The Jungle Book ****


Film Music Society FMS002

20 tracks - 53:59 / 1 track - 22:27

Some perspective: Miklós Rózsa's The Jungle Book (1942) was his 15th film score, his fifth (of nine) for the legendary Korda brothers; written during his mid-thirties, just five years into his career as a film music composer. Rózsa was already an accomplished concert composer at this time, one of the most important of his generation. Nonetheless, it is easy to overlook the important place The Jungle Book occupies in Rózsa's filmography as one of his personal favorite scores, and one which pushed him to new levels of fame and widespread acclaim.
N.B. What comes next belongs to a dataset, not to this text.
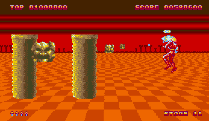 There are 13 stages to complete by jetting around and blasting bad guys and bosses as they approach. The game is played from behind the main character and the landscape rushes up in 3D similar to the effect used in many car games such as Outrun.
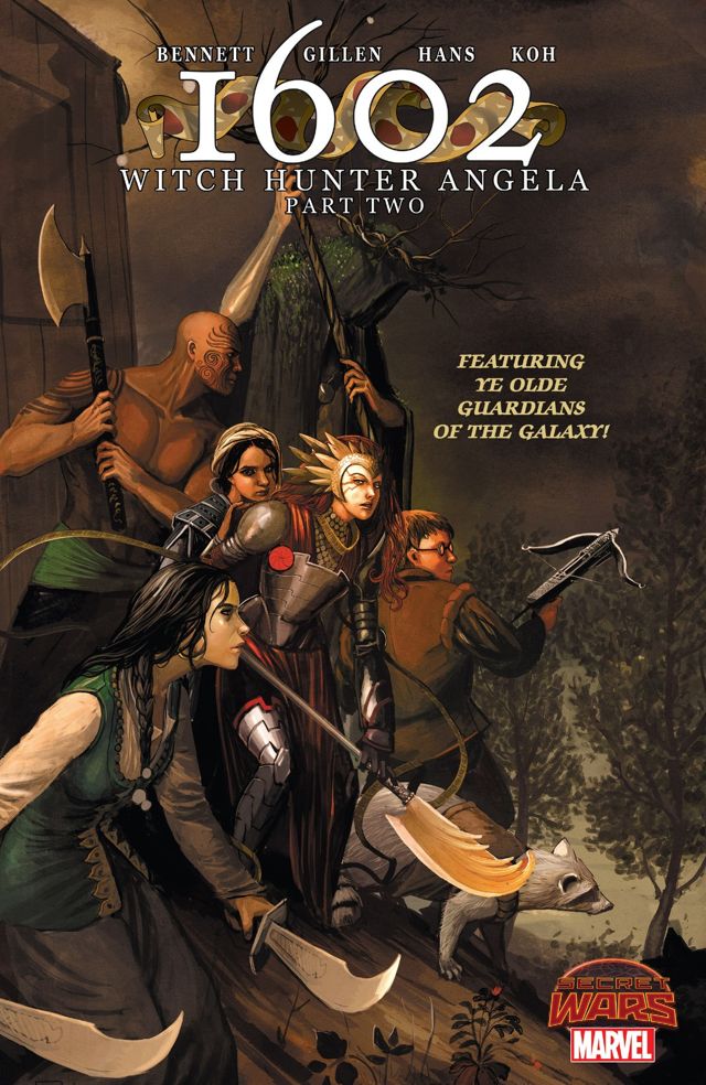 1602 es otro de los mundos que componen el Battleworld, este en particular fue creado en el 2003 por Neil Gaiman (otrora autor de The Sandman), en el cual existen todos nuestros héroes en un ambiente “medieval”, con Reyes y Lords, Tabernas y Caballeros, Nacidos-brujos (mutantes) y Sir Nicholas Furia, espía personal de la Reina Isabel I. Además, la protagonista de esta serie en particular es Angela, personaje inventado por el mismo Gaiman para la serie Spawn de Image Comics y que recientemente pasó a engrosar las filas de la Casa de las Ideas.

This was due in a large part to the concert suite which Rózsa adapted from his score. "The first American made dramatic feature motion picture to have its music score re-recorded for an album," the suite's success rivaled Prokofiev's Peter and the Wolf in the concert hall for a time.

This concert suite has been available to Rózsa fans and audiophiles since its inception -- first on LP, and then on CD. A variety of recordings exist, both with and without narration; the best and most accessible of these was released by Varèse Sarabande (VCD 47258) in 1983. Approximately 30 minutes in length, the suite is a noteworthy musical accomplishment by any standard, and in balance is a fair representation of Rózsa's remarkable score. But fair is not the same as comprehensive. For years, the original masters being presumed lost, the true scope and dimension of this Rózsa masterpiece were hidden to all, outside of obscure or decaying prints of the actual film. Hidden, that is, until 1997, when a serendipitous auction caught the eye of Jeannie Pool -- a box of acetate recordings that contained, among other things, almost the entire original Jungle Book score. Seven years later, these recordings have finally become accessible to the fan community through the Film Music Society -- albeit as a very limited pressing of 1,000 discs, many (if not all) of which will be sold out by the time this review hits print. Nonetheless, it is the purpose of this reviewer to encourage you, the discriminating film music consumer, to track down a copy by any means necessary.

Certainly part of my enthusiasm stems from nostalgia. Korda's The Jungle Book, possibly the darkest and most successful filmic retelling of Kipling's legendary saga to date, captured my imagination at a very early age. It has the distinction of being the first score I remember being aware of...the first score that remained consciously with me once the tape was out of the VCR. Today, many years later, the score continues to work the same magic on me, and on all those I have the opportunity to share it with.

What gives The Jungle Book such lasting and universal appeal? It's as simple as the basics of good music. To begin with, a veritable menagerie of melodies that seize and inspire the imagination -- every character, every animal in the jungle, has a signature theme and distinctive musical presence. Second, consistently thrilling and exciting writing; there is never a dull moment, never a cue that is less than absolutely compelling. Third, Rózsa's music runs the whole gamut of human emotion -- the tears of a mother; the hot blood of wild youth; the savagery of combat; the mystery and majesty of human civilization confronting the untamed world...Rózsa captures all this and more with stunning boldness and seemingly effortless grace. An apt, appropriately old-fashioned word to describe the score would be "Ravishing!"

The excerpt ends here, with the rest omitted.